In such a situation, the Buyer can approach a logistics operator, such as Kuehne+Nagel, who can verify the order on the basis of the order even before the container sails from Asia to Gdansk and certify it. Kuehne+Nagel performs an additional service by inspecting the cargo, performing visual inspection activities, determining the quality of the goods and ensuring that the cargo purchased by the Buyer is exactly the same as agreed by both parties. 

The second activity that Kuehne+Nagel performs is the transport service. Once the cargo has been received or picked up (depending on the terms of cooperation), we transport it to the terminal, where we carry out the shiploading operation.

At this point, a sea bill of lading is created.

Most of the bills of lading currently in circulation are issued in originals, as this is linked to the service of money transfer for work done. On the basis of, for example, three original bills of lading, we are assured that cargo in the quantity indicated has been shipped and has sailed from the port. This means that the shipper, upon receipt of payment, has the right to transfer ownership of the cargo under the bill of lading to the named consignee.

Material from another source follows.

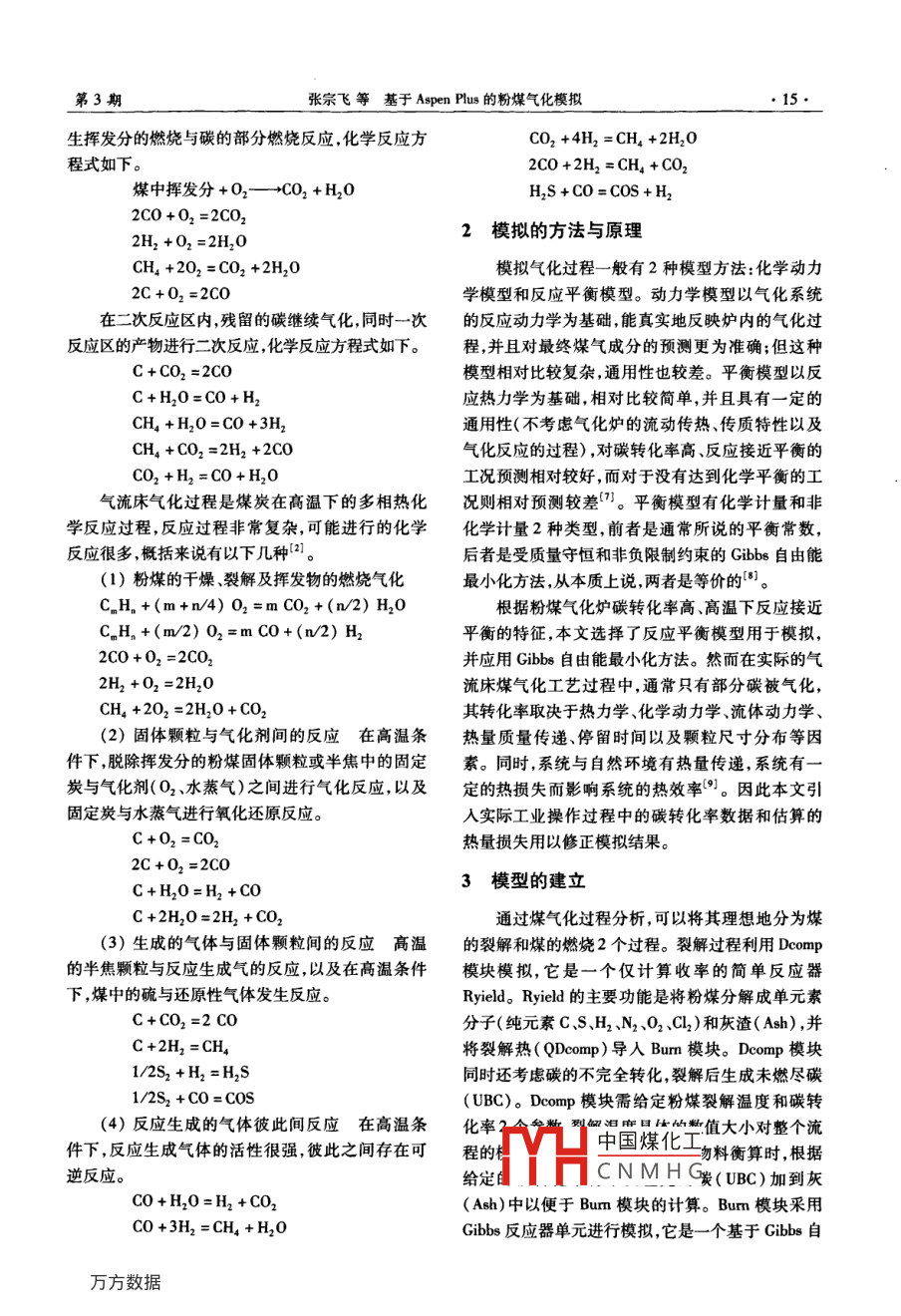 基于Aspen Plus的粉煤氣化模擬

The sea bill of lading in this case goes to the buyer. It is a security and has the characteristics of a bill of exchange, transferring ownership rights.

Ownership rights are transferred by endorsement – the parties transfer ownership of the document to the goods. In a bill of lading, the shipper is obliged to make an endorsement. An endorsement is a written confirmation with a stamp that the cargo is being released to the next entity. The Seller releases the cargo to the next entity. Later, the Buyer makes another endorsement, i.e. he confirms that it is the party that receives the goods.

What if, after a commercial transaction, the Buyer resold the goods during transport at sea?

The Buyer may transfer ownership of this cargo by endorsement to a third party. The third party will then be another party to the transaction. Once the goods arrive at the designated point, the consignee can be a third party.

Bill of lading – what should I pay particular attention to?

Inconsistency of goods details on packing list, commercial invoice and bill of lading

The sea bill of lading should be closely linked to the commercial documentation. This is the most common cause of problems and therefore additional costs, as it holds up transport. Maritime transport mostly takes place internationally. The sea bill of lading should show accurate details of the name of the cargo and the contents of the consignment, its origin, the place of shipment and receipt, the consignee’s and shipper’s details and those of the cargo: weight and volume. The bill of lading must be closely linked to the packing list – a commercial document that should also confirm the data linked to the bill of lading.

No endorsements.

When the Seller sends a bill of lading certifying the transaction, he is obliged to put his stamp and his signature on the bill of lading. This is particularly important in the case of bills of lading to order, as this transaction can be passed on to subsequent parties who will potentially want to transfer ownership to another party.

What can be done to reduce the risks?

Once the transaction and cargo payment have been made, it is a good idea to request a so-called SeaWayBill or telex release from the shipper. In such a situation, the producer, having received the money for the service provided, may agree to release the cargo without producing the bills of lading. For this to happen he should report to the operator at the port and ask for a telex release.